[Stored items from a collection]

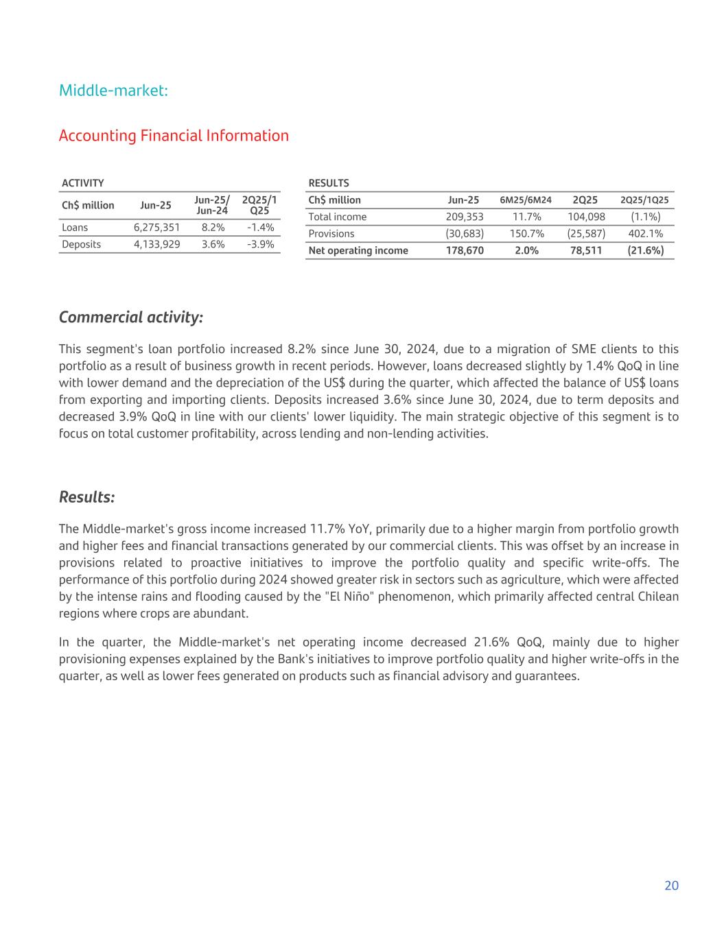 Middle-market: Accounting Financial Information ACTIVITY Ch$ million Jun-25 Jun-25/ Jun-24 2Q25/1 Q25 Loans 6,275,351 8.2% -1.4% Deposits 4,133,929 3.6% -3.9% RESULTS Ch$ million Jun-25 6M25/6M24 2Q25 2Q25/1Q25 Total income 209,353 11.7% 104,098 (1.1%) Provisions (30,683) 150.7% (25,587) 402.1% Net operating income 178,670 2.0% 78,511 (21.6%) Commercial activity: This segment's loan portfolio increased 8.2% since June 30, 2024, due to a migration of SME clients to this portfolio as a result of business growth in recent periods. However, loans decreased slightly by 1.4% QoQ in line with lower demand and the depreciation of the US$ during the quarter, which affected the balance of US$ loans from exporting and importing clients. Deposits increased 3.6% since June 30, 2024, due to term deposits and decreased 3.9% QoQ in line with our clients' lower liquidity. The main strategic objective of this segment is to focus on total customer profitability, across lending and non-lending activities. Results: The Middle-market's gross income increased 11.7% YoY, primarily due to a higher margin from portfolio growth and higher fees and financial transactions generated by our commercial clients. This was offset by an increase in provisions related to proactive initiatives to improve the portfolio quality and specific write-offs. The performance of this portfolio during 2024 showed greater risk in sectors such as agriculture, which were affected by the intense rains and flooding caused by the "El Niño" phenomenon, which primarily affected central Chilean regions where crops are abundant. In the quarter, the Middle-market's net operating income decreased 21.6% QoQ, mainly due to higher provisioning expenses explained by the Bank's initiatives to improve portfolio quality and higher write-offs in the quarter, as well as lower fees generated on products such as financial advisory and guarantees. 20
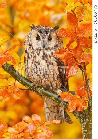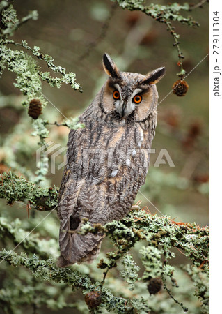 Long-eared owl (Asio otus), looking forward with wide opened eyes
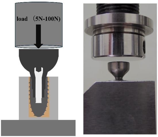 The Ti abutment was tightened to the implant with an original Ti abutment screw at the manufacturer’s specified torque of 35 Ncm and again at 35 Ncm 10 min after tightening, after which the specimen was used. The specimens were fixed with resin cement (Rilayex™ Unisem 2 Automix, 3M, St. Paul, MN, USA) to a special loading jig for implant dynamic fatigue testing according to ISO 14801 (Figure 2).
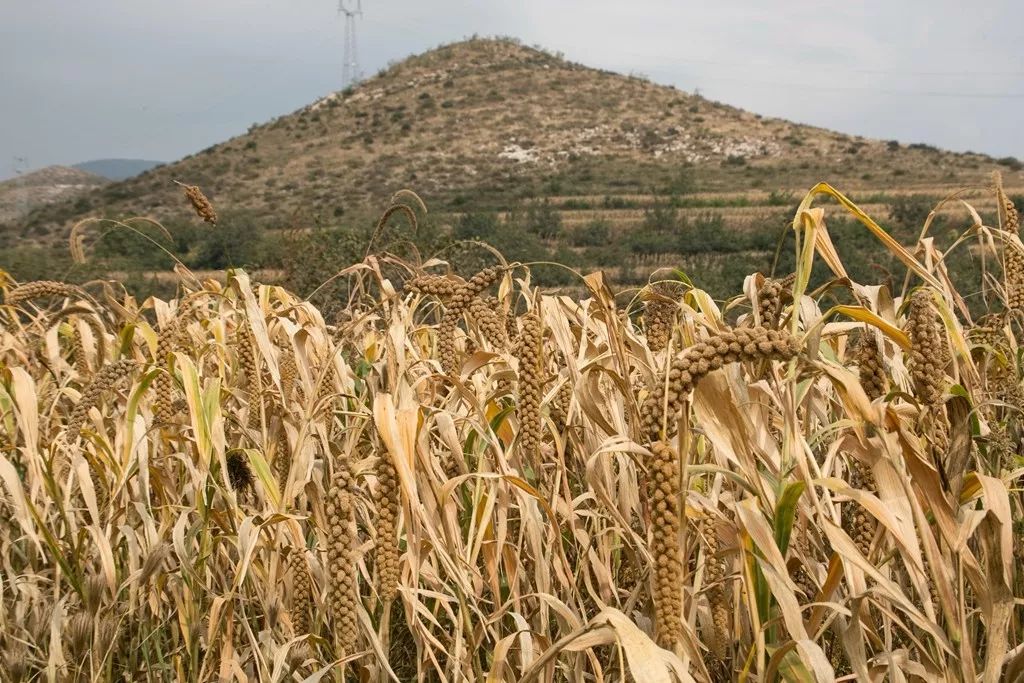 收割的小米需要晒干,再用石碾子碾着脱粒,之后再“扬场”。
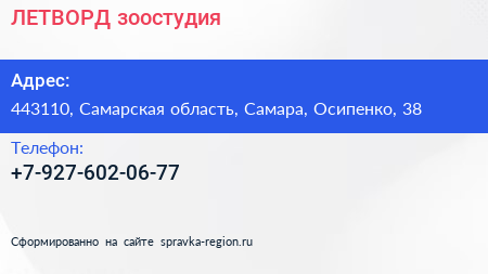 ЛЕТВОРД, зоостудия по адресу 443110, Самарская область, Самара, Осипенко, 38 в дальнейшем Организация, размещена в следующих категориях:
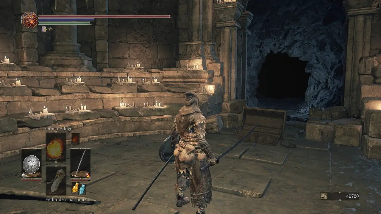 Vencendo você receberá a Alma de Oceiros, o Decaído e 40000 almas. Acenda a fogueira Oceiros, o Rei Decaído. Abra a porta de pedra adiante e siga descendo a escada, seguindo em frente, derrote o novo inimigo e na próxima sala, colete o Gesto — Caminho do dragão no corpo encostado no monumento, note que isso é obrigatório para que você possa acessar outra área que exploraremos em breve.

§ **Exercise**:
Start with the first line of the records above and end with the line containing "Long-eared owl (Asio". Output those lines exactly, pictures excluded.

§ **Answer space**:
 Middle-market: Accounting Financial Information ACTIVITY Ch$ million Jun-25 Jun-25/ Jun-24 2Q25/1 Q25 Loans 6,275,351 8.2% -1.4% Deposits 4,133,929 3.6% -3.9% RESULTS Ch$ million Jun-25 6M25/6M24 2Q25 2Q25/1Q25 Total income 209,353 11.7% 104,098 (1.1%) Provisions (30,683) 150.7% (25,587) 402.1% Net operating income 178,670 2.0% 78,511 (21.6%) Commercial activity: This segment's loan portfolio increased 8.2% since June 30, 2024, due to a migration of SME clients to this portfolio as a result of business growth in recent periods. However, loans decreased slightly by 1.4% QoQ in line with lower demand and the depreciation of the US$ during the quarter, which affected the balance of US$ loans from exporting and importing clients. Deposits increased 3.6% since June 30, 2024, due to term deposits and decreased 3.9% QoQ in line with our clients' lower liquidity. The main strategic objective of this segment is to focus on total customer profitability, across lending and non-lending activities. Results: The Middle-market's gross income increased 11.7% YoY, primarily due to a higher margin from portfolio growth and higher fees and financial transactions generated by our commercial clients. This was offset by an increase in provisions related to proactive initiatives to improve the portfolio quality and specific write-offs. The performance of this portfolio during 2024 showed greater risk in sectors such as agriculture, which were affected by the intense rains and flooding caused by the "El Niño" phenomenon, which primarily affected central Chilean regions where crops are abundant. In the quarter, the Middle-market's net operating income decreased 21.6% QoQ, mainly due to higher provisioning expenses explained by the Bank's initiatives to improve portfolio quality and higher write-offs in the quarter, as well as lower fees generated on products such as financial advisory and guarantees. 20
 Long-eared owl (Asio otus), looking forward with wide opened eyes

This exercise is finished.